• _Task item_
Work through the listing below and give again exactly the lines from the one with "Fortunately, it would" to the one with "Photo publiée le", both ends included. All other lines and all pictures stay out.

Extracted information START

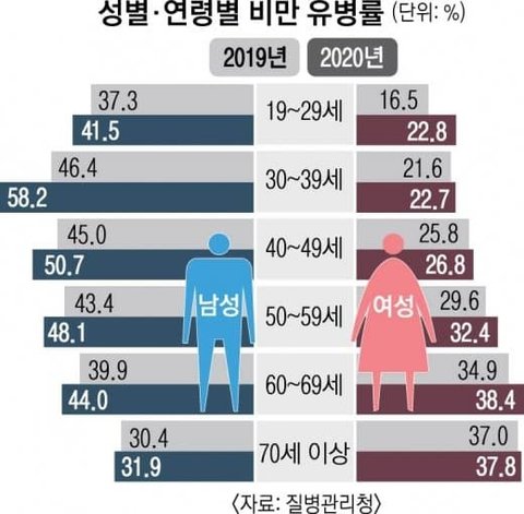 최근 한국남성 비만율
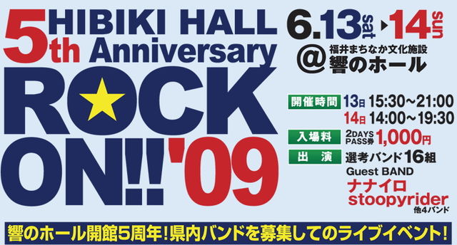 福井まちなか文化施設「響のホール」開館5周年記念イベントにGENOCIDEがゲストバンドとして出演します。 【タイトル】HIBIKI HALL 5th Anniversary ROCK ON!! '09 【日程】6/13(土) 6/14(日) ※GENOCIDEは6/14に出演します。 【場所】福井まちなか文化施設「響のホール」 【料金】2DAYS PASS券1,000円 【出演・タイムテーブル】 6/13(土)15:30〜21:00 15:30 宴屋本舗 16:15 GUN-WOO 16:50 DEEP INFECTION 17:25 ARt spiral 18:00 ナナ・イロ 18:45 ザ☆バンジーズ 19:20 boogie
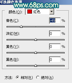 6、新建可选颜色调整图层,对红,黄进行调整,参数设置如图12,13,效果如图14。
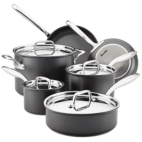 Get premium-quality hard-anodized cookware that conducts and holds heat throughout the cooking process, with the Breville Thermal Pro Hard-Anodized Nonstick 10-Piece Cookware Set. Superior heating and cooking performance built to last: that's Breville Thermal Pro Hard-Anodized Cookware. This exceptional cookware features durable hard-anodized aluminum construction that efficiently distributes heat, and the impact-bonded, warp-resistant pan base controls temperature fluctuation even as ingredients are added and removed. Cookware form follows function with curved interior profiles to enable full utensil access around the stockpot, saucepan and sauté bases and make cleaning easier. Triple-layer nonstick inside and out delivers exceptional food release, and is metal utensil and dishwasher safe. Distinctively flared rims on all the pots and pans enable drip-free pouring. The Thermal Pro 10-Piece Cookware Set from Breville is engineered to conduct, control and retain heat from base to walls, whatever the cooking process. Whether the filet of choice is fresh salmon, grass-fed beef or free-range chicken, whether the process is gently warming almond milk or frying a farm-fresh egg to order, the induction-suitable cookware cooks, sears, simmers and browns beautifully. Breville cookware features ergonomic cast stainless steel handles that are seamlessly dual-riveted to keep pan interiors cleaner and contoured for control and comfort. Deep-seated mirror-polished stainless steel lids seal in heat and moisture with a sleek stovetop look. Oven safe to 500 Degree, this premium-quality cookware set is built and guaranteed for life. Flavor-building and meal-making from simple to sophisticated - food's full array of cooking possibilities is optimized with the durable, all-range Breville Thermal Pro Hard-Anodized Nonstick 10-Piece Cookware Set.Feature
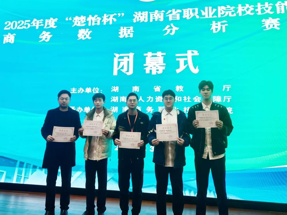 3月22日22时,2025年度“楚怡杯”湖南省职业院校技能竞赛高职高专组商务数据分析赛项在长沙落幕。在网络营销与直播电商专业叶知行、胡航两位指导教师的带领下,由钟城、李超、罗智源三名同学组成的竞赛团队,历经10小时全封闭式竞...
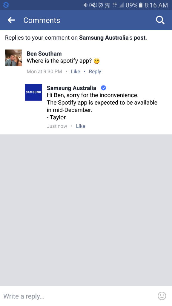 Fortunately, it would appear that neither Samsung or Spotify have abandoned the project. In response to a comment on Facebook, the South Korean company revealed that the application is “expected to be available in mid-December.” It's unclear whether it'll launch in all regions at the same time, but — for what it's worth — we expect it to.
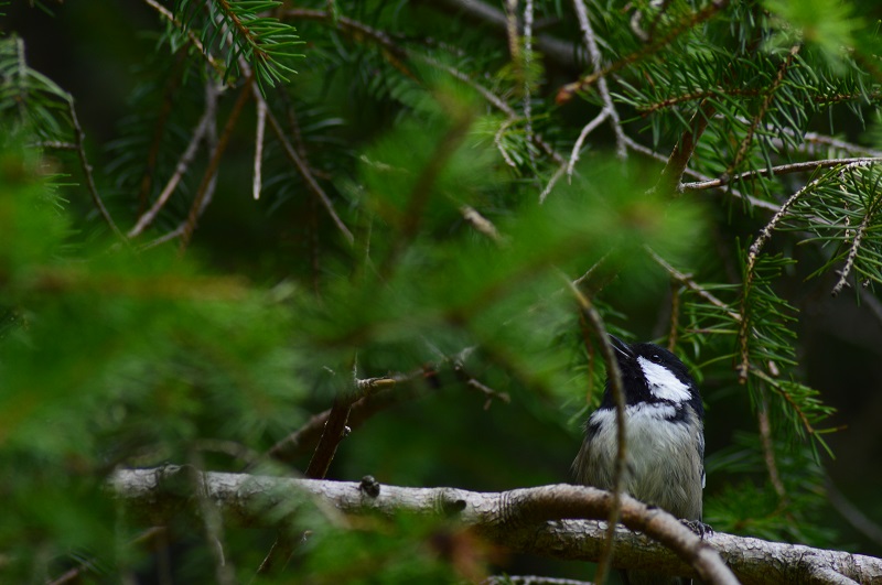 Photo publiée le 12/08/2015. Assis dans l'herbe, j'ai diffusé le chant d'une mésange au hasard, et voilà qu'une Mésange noire est apparue pour défendre allègrement son territoire. Je suis resté une heure à l'observer au pied des conifères : mais c'est ça la passion !
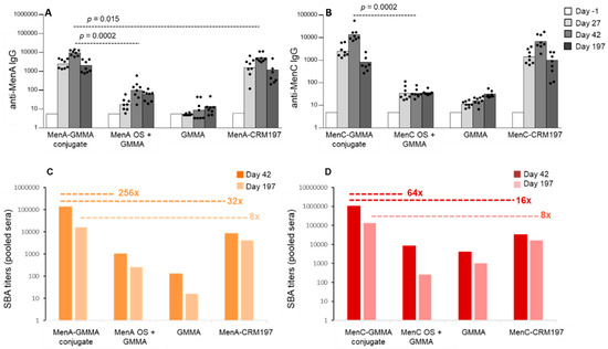 GMMA as a carrier for polysaccharides compared to traditional CRM197 conjugates. Eight CD1 mice per group were i.m. immunized at days 0 and 28, with MenA-GMMA (MenB) (A,C) or MenC-GMMA (MenB) conjugates (B,D) and their corresponding CRM197 conjugates at 1 µg Men oligosaccharide per dose, in the presence of Alhydrogel. MenB GMMA alone and their physical mixture with Men oligosaccharides were used as controls. Sera were collected at days 1, 27, 42 and 197 and analyzed for anti-PS-specific IgG response (A,B). Summary graphs of anti-PS IgG geometric mean units (bars) and individual antibody levels (dots) are reported. Anti-PS IgG were analyzed using a two-tailed nonparametric Mann–Whitney test. p-values (rounded to the nearest larger number) less than 0.05 were considered statistically significant. SBA titers of pooled sera collected 2 weeks and 6 months after second injection against MenA (C) or MenC (D) strains are reported.
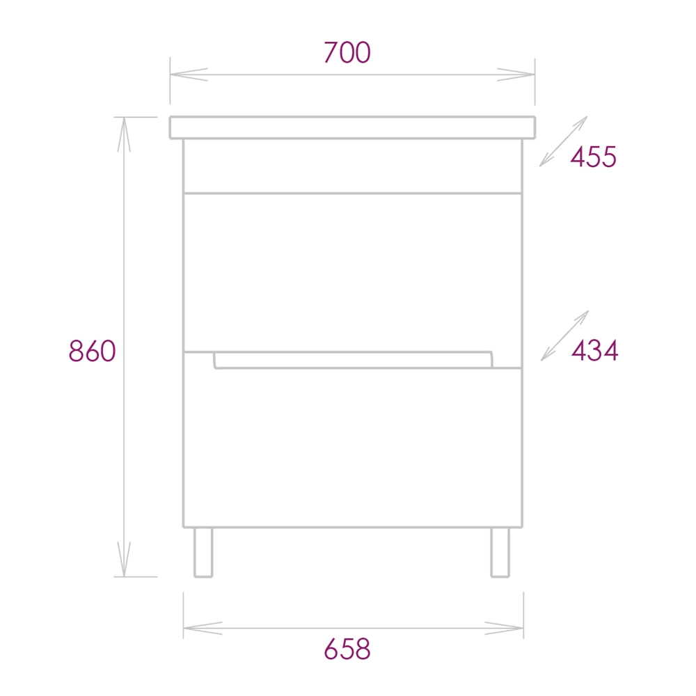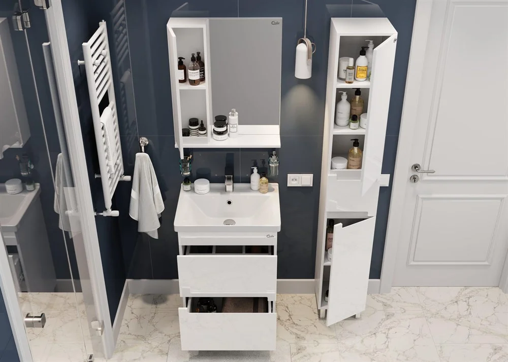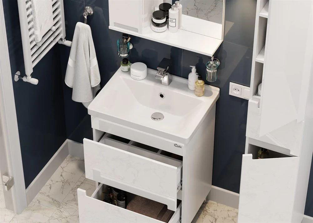 Внутреннее пространство тумбы позволяет компактно разместить бытовые принадлежности: в 2 вместительных ящика с направляющими полного выдвижения поместятся все нобходимые аксессуары.

Extracted information END

• _Response area_
 Fortunately, it would appear that neither Samsung or Spotify have abandoned the project. In response to a comment on Facebook, the South Korean company revealed that the application is “expected to be available in mid-December.” It's unclear whether it'll launch in all regions at the same time, but — for what it's worth — we expect it to.
 Photo publiée le 12/08/2015. Assis dans l'herbe, j'ai diffusé le chant d'une mésange au hasard, et voilà qu'une Mésange noire est apparue pour défendre allègrement son territoire. Je suis resté une heure à l'observer au pied des conifères : mais c'est ça la passion !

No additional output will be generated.